Dataset items:
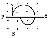 12. 如图所示,PQ是匀强磁场中的一片薄金属片,其平面与磁场方向平行,一个α粒子从某点以与PQ垂直的速度v射出,动能是E,射出后α粒子的运动轨迹如图所示.今测得它在金属片两边的轨迹半径之比为10:9,若在穿越板的过程中粒子受到的阻力大小及电量恒定,则:( )
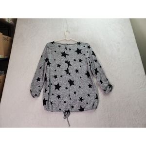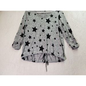 OLIVIA BLU SWEATER WOMEN SMALL GRAY STAR PRINT KNIT POLYESTER LONG SLEEVE V NECK
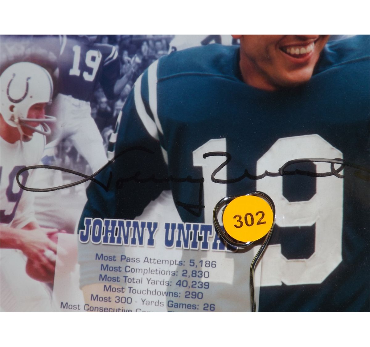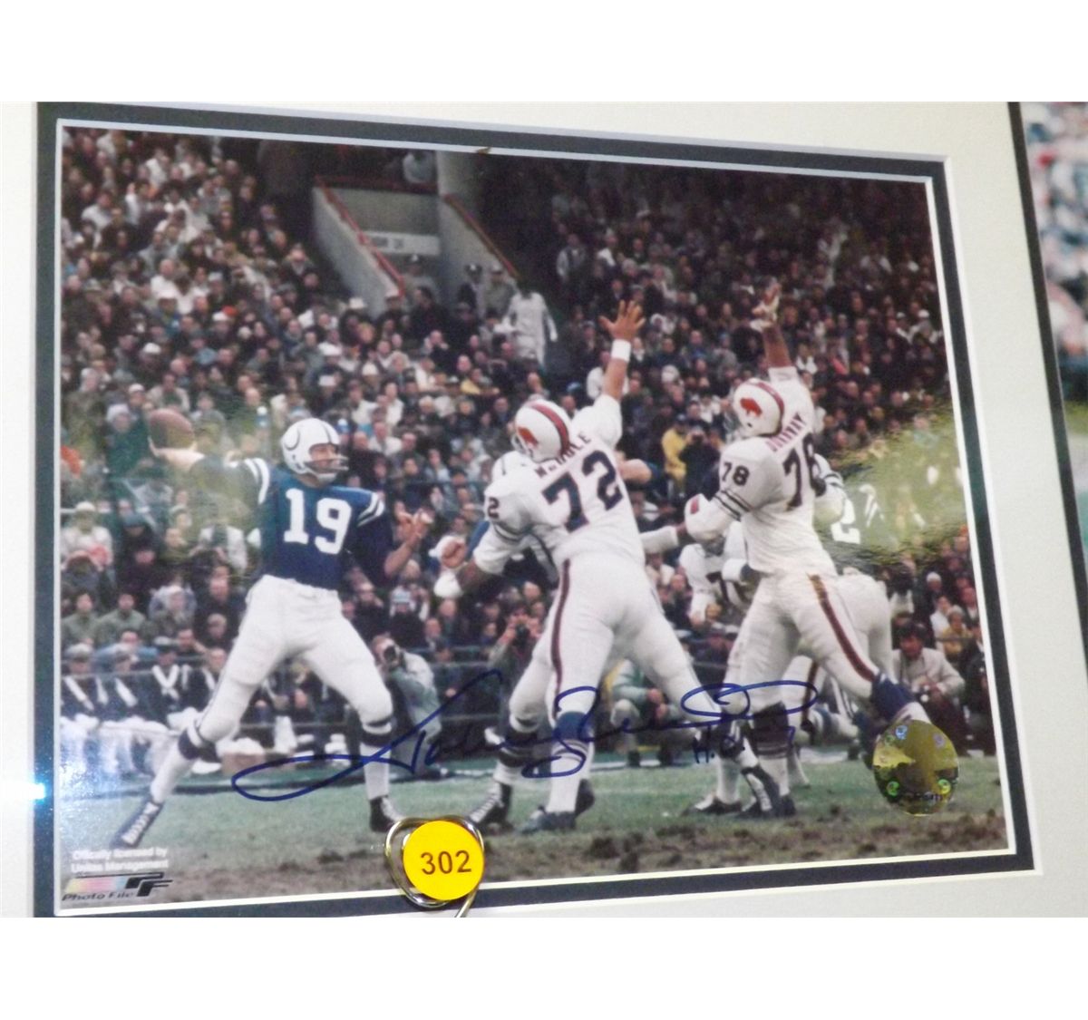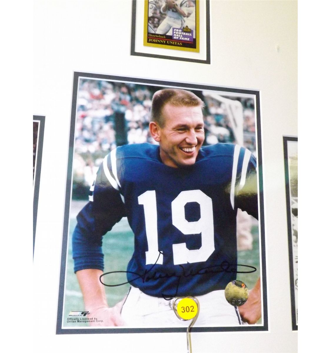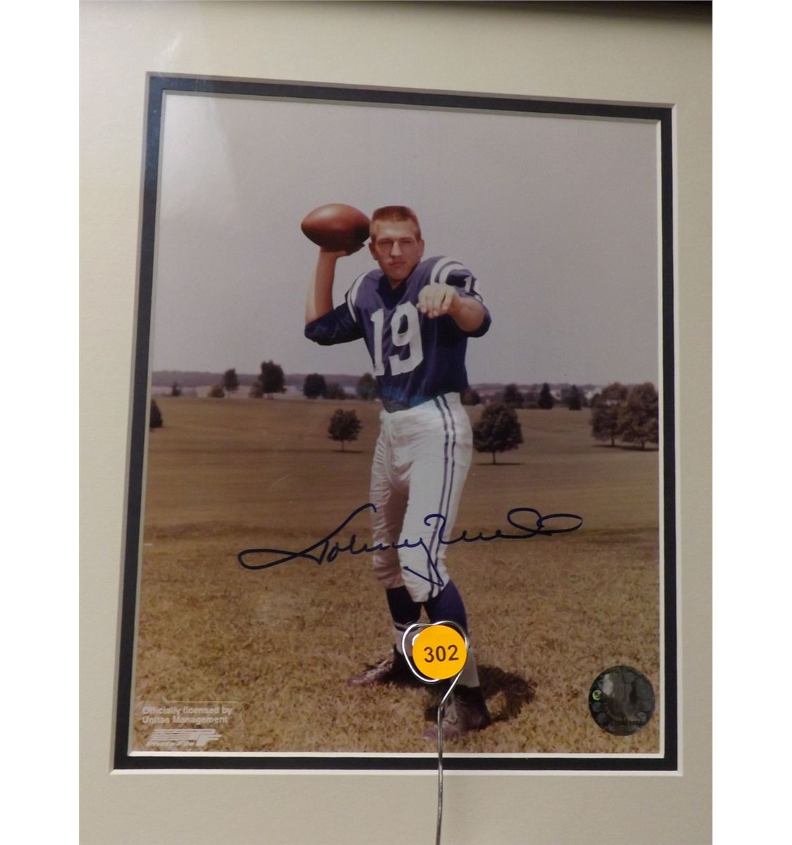 Johnny Unitas Matted and Framed Display. 5 Photos Autographed by Johnny Unitas and One 'NFL Illustrated "Colts Bears Baltimore Memorial Stadium Dec. 5th 1965"' Program Autographed by Johnny Unitas and Raymond Berry. Appraised or estimated retail value $7000. COAs by Signature Dreams and My Favorite Players. All Sales Final. Please see terms and conditions of auction.
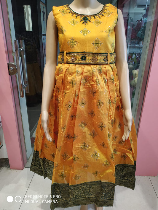 girls festive wear , beautiful frock/ gown, yellow with dupatta ( e 54)
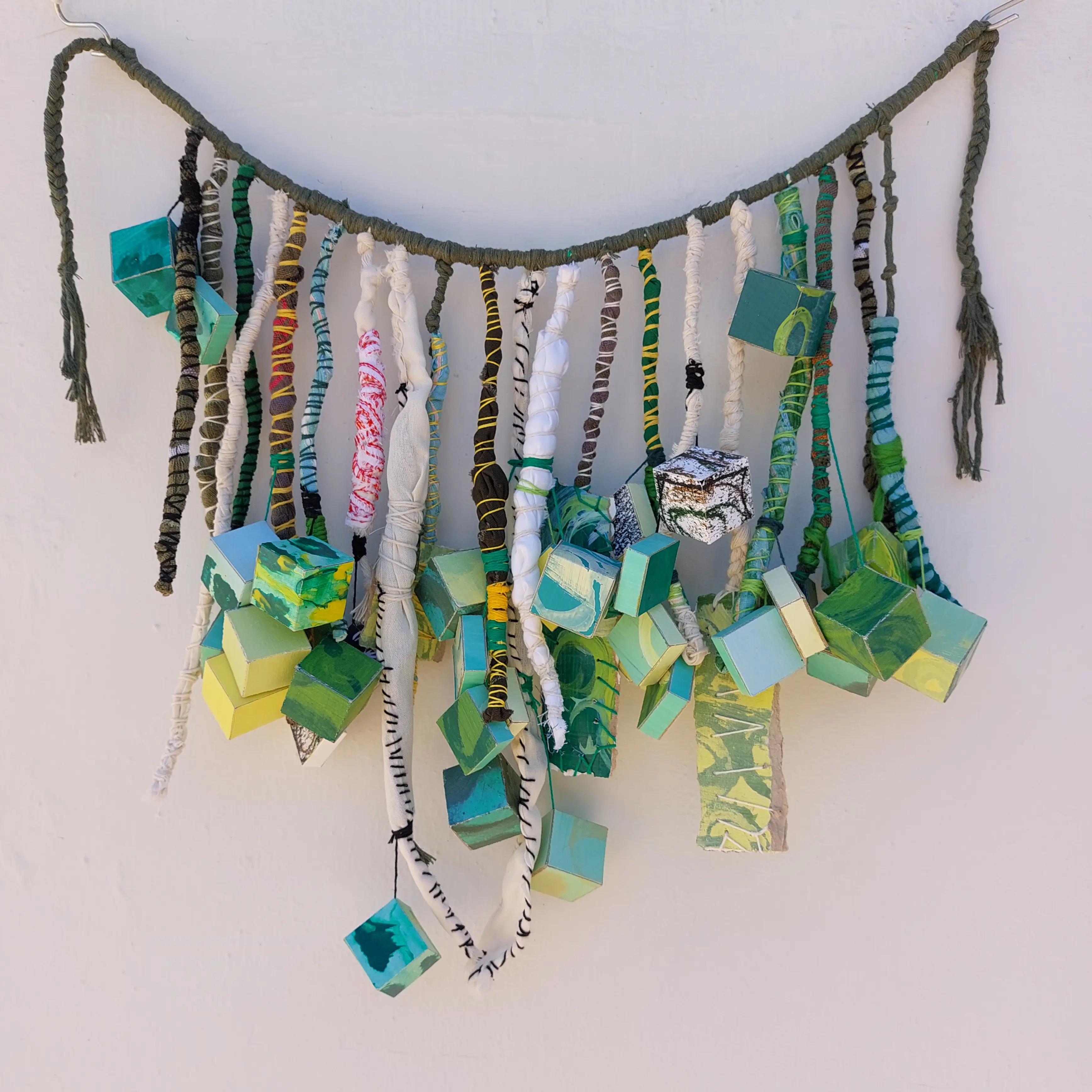 Objeto textil con inclusión de volúmenes de papel pintados con acrílicos.
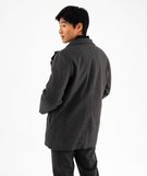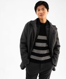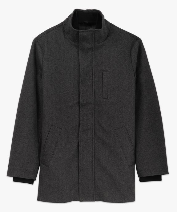 Manteau court à motifs chevrons avec col en bord-côte amovible homme gris
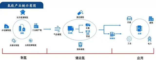 據了解,氫能產業鏈分為上游制氫、中游儲運氫及下游氫能應用,涉及環節較多、應用領域廣泛,其中儲運環節是連接上游供給及下游需求的關鍵,是整個產業鏈環節中的必不可少的一環。
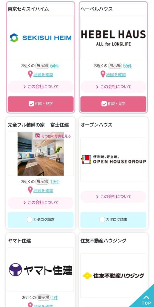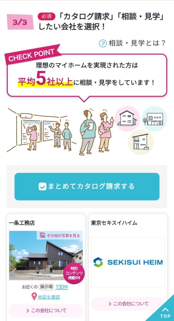 「カタログ請求」「相談・見学」のどちらかしかできないメーカーと、両方とも選択できるメーカーがあります。カタログ請求できるメーカー数に上限はありません。
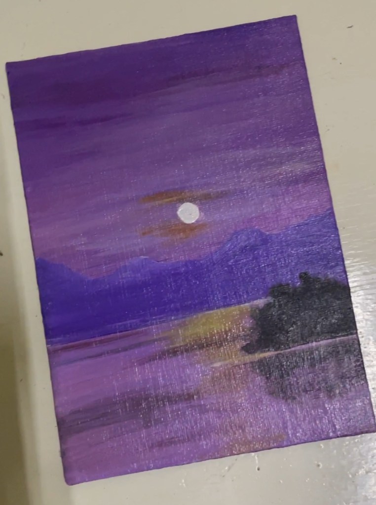 With each brushstroke, I allowed myself to surrender to the flow of inspiration, embracing the serendipity of the moment. As the colors mingled and merged on the canvas, I had a hard time trying to recreate the perfect image that was in my head. What started as a simple act of repurposing transformed into a journey of discovery—a reminder of the magic that can unfold when we allow ourselves to embrace the unexpected. In this painting, I found not only a reflection of the beauty of nature but also a testament to the power of spontaneity in the creative process.
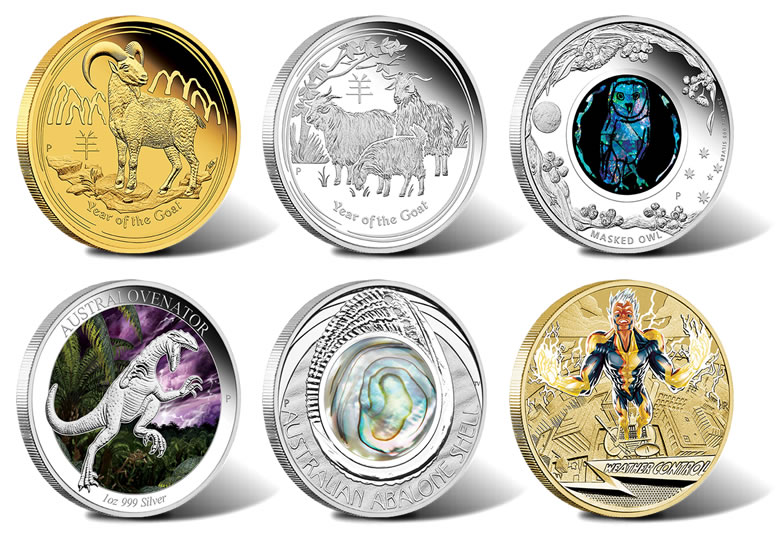 Among the new releases are lunar gold and silver 2015 Year of the Goat coins. They are joined by coins depicting an abalone shell, masked owls and superpowers. In addition, September marks the debut of a new series of Perth Mint dinosaur coins.
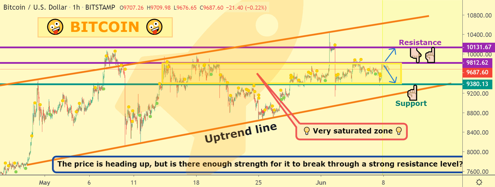 في الثامن من يونيو، اختبر سعر البيتكوين مستوى المقاومة عند 9800 دولار، والذي تبين أنهtronبما يكفي لإبقاء زوج التداول دونه.
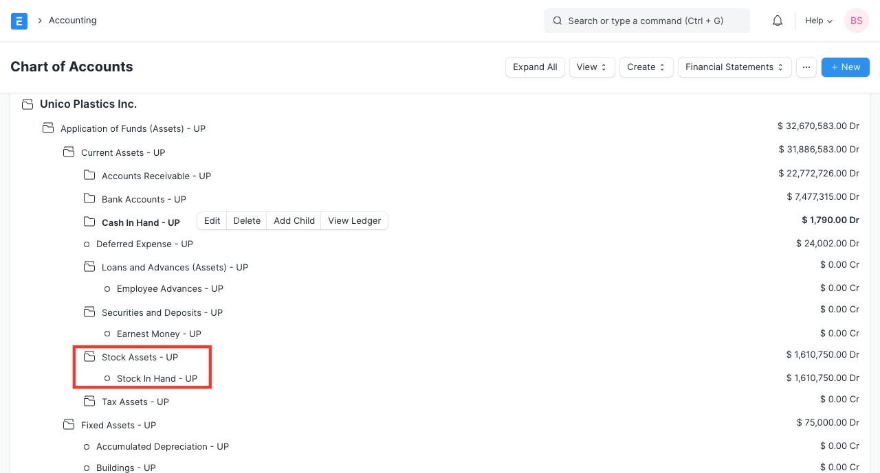 Biểu đồ Tài khoản> Tài sản> Tài sản Hiện tại> Tài sản Cổ phiếu> Có Trong tay.
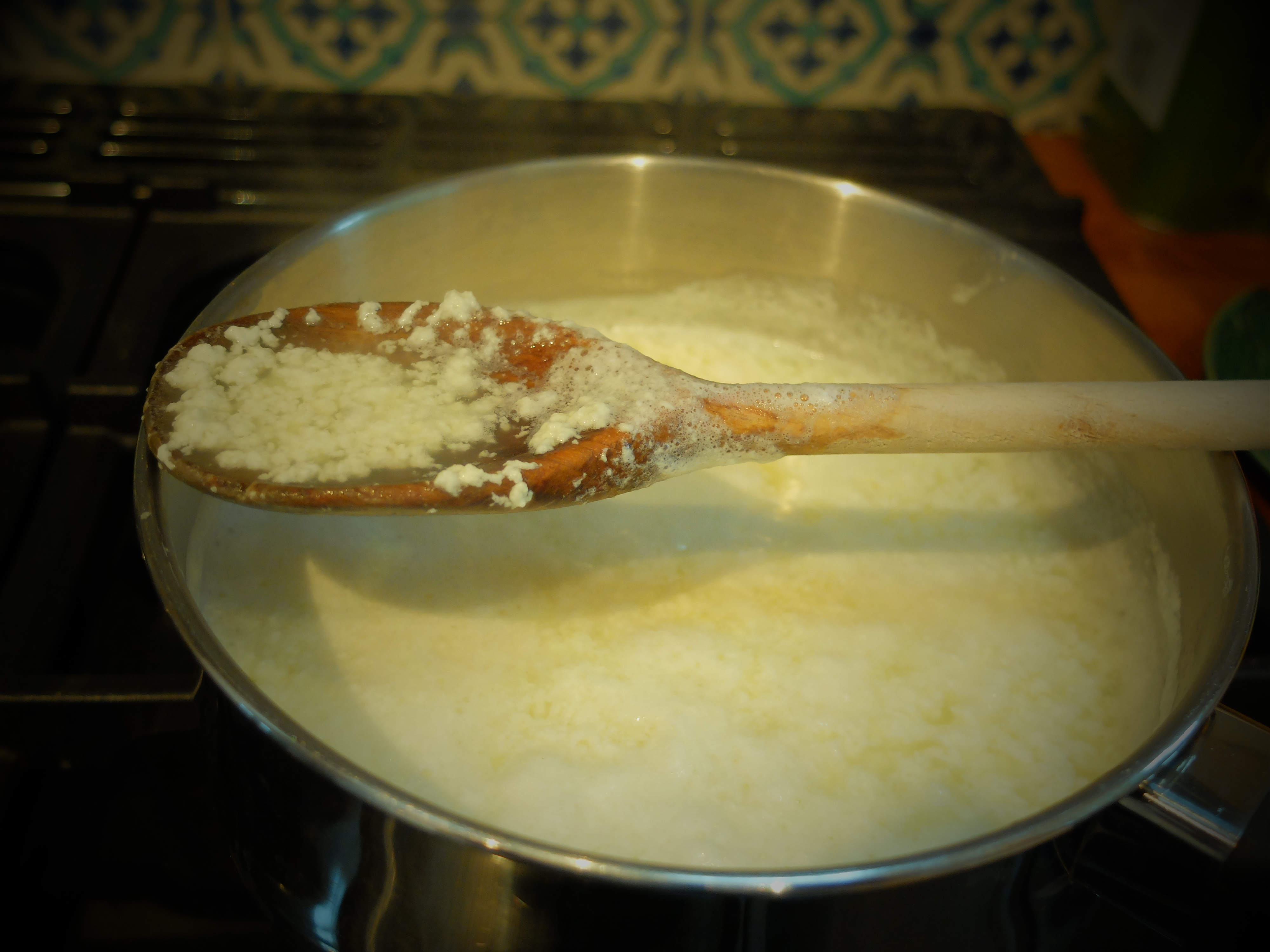 First of all, it was time to make the ricotta (cheese-pedants will note that this isn’t proper ricotta which is actually made from the leftover whey but it’s kind of similar). One litre of milk went into a saucepan and I gently heated it until it started to boil (careful it doesn’t burn on the bottom of the pan). Add the juice of one lemon, remove the pan from the heat, give it a good stir and the curds should separate from the whey. If it doesn’t happen, whack in some more lemon juice.

Work task: Write the entries above out in full, exactly, with no images.

Exercise answer:
 12. 如图所示,PQ是匀强磁场中的一片薄金属片,其平面与磁场方向平行,一个α粒子从某点以与PQ垂直的速度v射出,动能是E,射出后α粒子的运动轨迹如图所示.今测得它在金属片两边的轨迹半径之比为10:9,若在穿越板的过程中粒子受到的阻力大小及电量恒定,则:( )
 OLIVIA BLU SWEATER WOMEN SMALL GRAY STAR PRINT KNIT POLYESTER LONG SLEEVE V NECK
 Johnny Unitas Matted and Framed Display. 5 Photos Autographed by Johnny Unitas and One 'NFL Illustrated "Colts Bears Baltimore Memorial Stadium Dec. 5th 1965"' Program Autographed by Johnny Unitas and Raymond Berry. Appraised or estimated retail value $7000. COAs by Signature Dreams and My Favorite Players. All Sales Final. Please see terms and conditions of auction.
 girls festive wear , beautiful frock/ gown, yellow with dupatta ( e 54)
 Objeto textil con inclusión de volúmenes de papel pintados con acrílicos.
 Manteau court à motifs chevrons avec col en bord-côte amovible homme gris
 據了解,氫能產業鏈分為上游制氫、中游儲運氫及下游氫能應用,涉及環節較多、應用領域廣泛,其中儲運環節是連接上游供給及下游需求的關鍵,是整個產業鏈環節中的必不可少的一環。
 「カタログ請求」「相談・見学」のどちらかしかできないメーカーと、両方とも選択できるメーカーがあります。カタログ請求できるメーカー数に上限はありません。
 With each brushstroke, I allowed myself to surrender to the flow of inspiration, embracing the serendipity of the moment. As the colors mingled and merged on the canvas, I had a hard time trying to recreate the perfect image that was in my head. What started as a simple act of repurposing transformed into a journey of discovery—a reminder of the magic that can unfold when we allow ourselves to embrace the unexpected. In this painting, I found not only a reflection of the beauty of nature but also a testament to the power of spontaneity in the creative process.
 Among the new releases are lunar gold and silver 2015 Year of the Goat coins. They are joined by coins depicting an abalone shell, masked owls and superpowers. In addition, September marks the debut of a new series of Perth Mint dinosaur coins.
 في الثامن من يونيو، اختبر سعر البيتكوين مستوى المقاومة عند 9800 دولار، والذي تبين أنهtronبما يكفي لإبقاء زوج التداول دونه.
 Biểu đồ Tài khoản> Tài sản> Tài sản Hiện tại> Tài sản Cổ phiếu> Có Trong tay.
 First of all, it was time to make the ricotta (cheese-pedants will note that this isn’t proper ricotta which is actually made from the leftover whey but it’s kind of similar). One litre of milk went into a saucepan and I gently heated it until it started to boil (careful it doesn’t burn on the bottom of the pan). Add the juice of one lemon, remove the pan from the heat, give it a good stir and the curds should separate from the whey. If it doesn’t happen, whack in some more lemon juice.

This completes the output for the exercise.